A professional broker markets your business without disclosing its name or specific location. Buyers must sign a Non-Disclosure Agreement (NDA) before receiving any identifying details. Financial documents are shared only after NDA execution and buyer qualification. This process is especially important in Aurora, where industrial employers like those in the Fox Valley manufacturing corridor operate in close-knit supplier networks where word of a pending sale can unsettle customer and vendor relationships quickly.
Who typically buys businesses in Aurora — local entrepreneurs, private equity, or strategic buyers?
Aurora attracts a mix of all three. Local entrepreneurs and owner-operators often target retail, service, and food-related businesses. Strategic buyers — particularly from Naperville and Chicago's professional-services economy along the I-88 corridor — seek established suburban operating businesses with proven cash flow. Private equity and search funds increasingly target Aurora's manufacturing and food-processing companies, given the presence of anchors like Caterpillar and OSI Group, which signal a mature industrial supply chain worth acquiring into.

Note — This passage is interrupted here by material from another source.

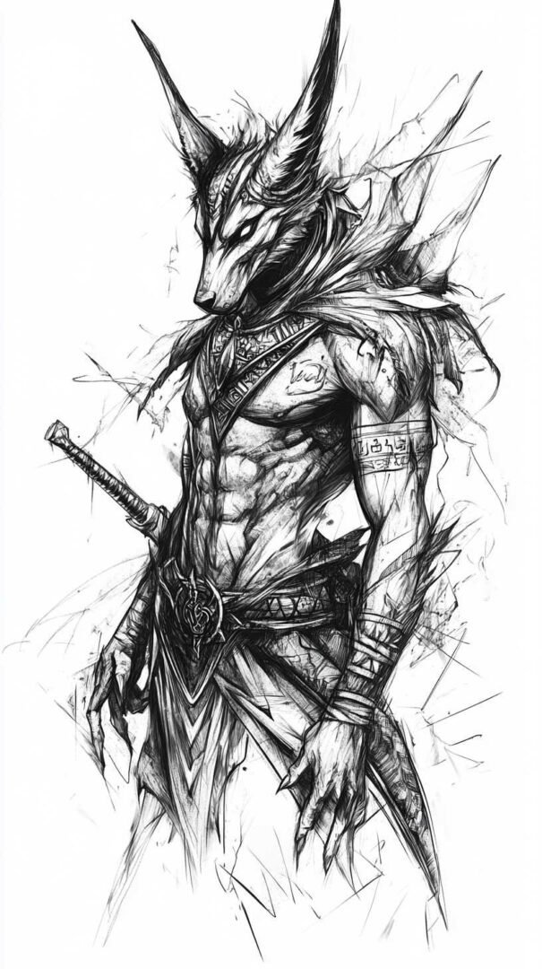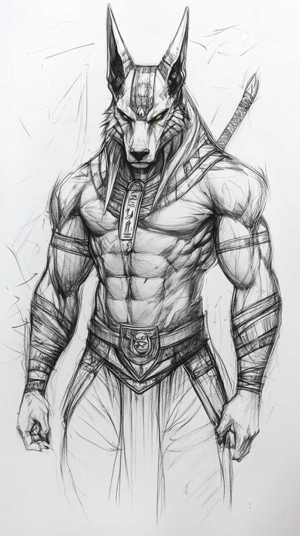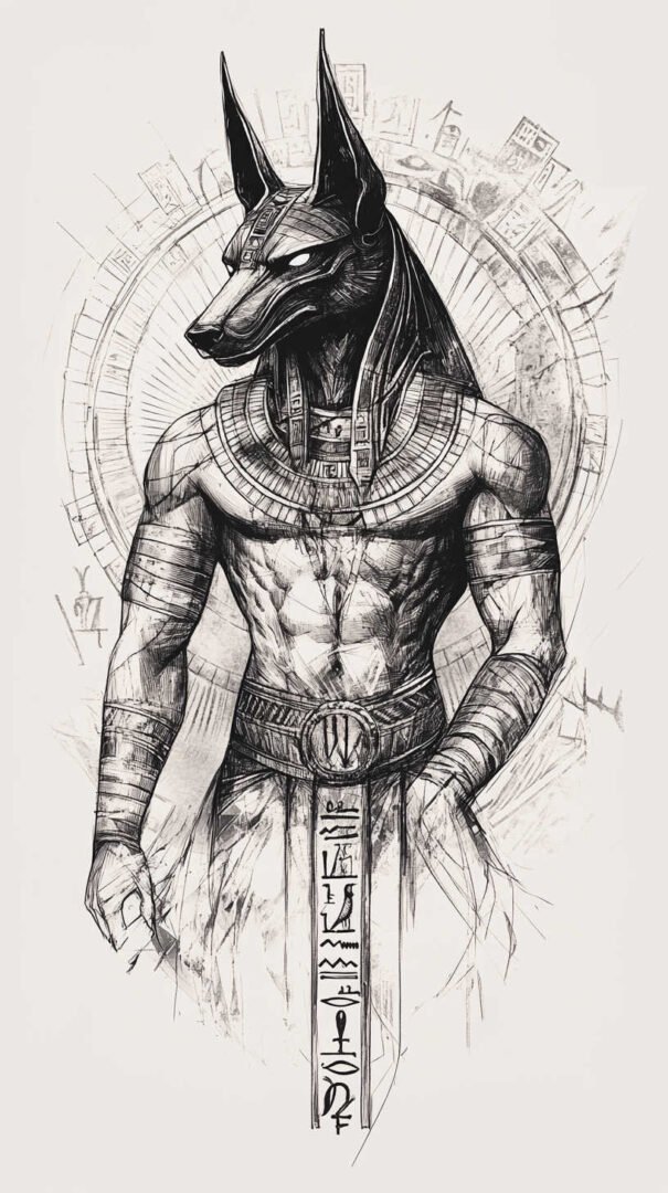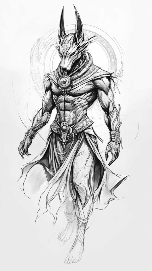 Anubis, the jackal-headed deity of ancient Egyptian mythology, stands as one of the most captivating figures in the pantheon of gods. Known as the protector of graves, the embalmer of the dead, and the guide to the underworld, Anubis has transcended millennia to become a powerful symbol in contemporary tattoo art. His image—fierce yet solemn, mysterious yet protective—lends itself perfectly to high-resolution, detailed sketches that capture every nuance in 4K HD clarity.

What Illinois-specific legal steps are required when selling a business in Aurora?
Illinois requires sellers to handle several state-level obligations at closing. These include obtaining a tax clearance from the Illinois Department of Revenue, complying with the Bulk Sales Act if inventory is being transferred, and ensuring any broker involved is registered under the Illinois Business Brokers Act of 1995 with the Secretary of State. Asset sales and stock sales are treated differently under Illinois law, affecting liability transfer. An Illinois transaction attorney should review the purchase agreement before closing.
Which types of businesses are easiest to sell in Aurora's current market?
Businesses tied to Aurora's strongest employment sectors tend to attract the widest buyer pools. Manufacturing and industrial services businesses benefit from the Fox Valley manufacturing corridor, anchored by Caterpillar and OSI Group, making them familiar territory for strategic acquirers. Healthcare support services draw interest near the Rush Copley Medical Center cluster. Retail and food businesses along major corridors also move steadily. Businesses with clean financials, diversified customers, and transferable owner relationships sell faster regardless of industry.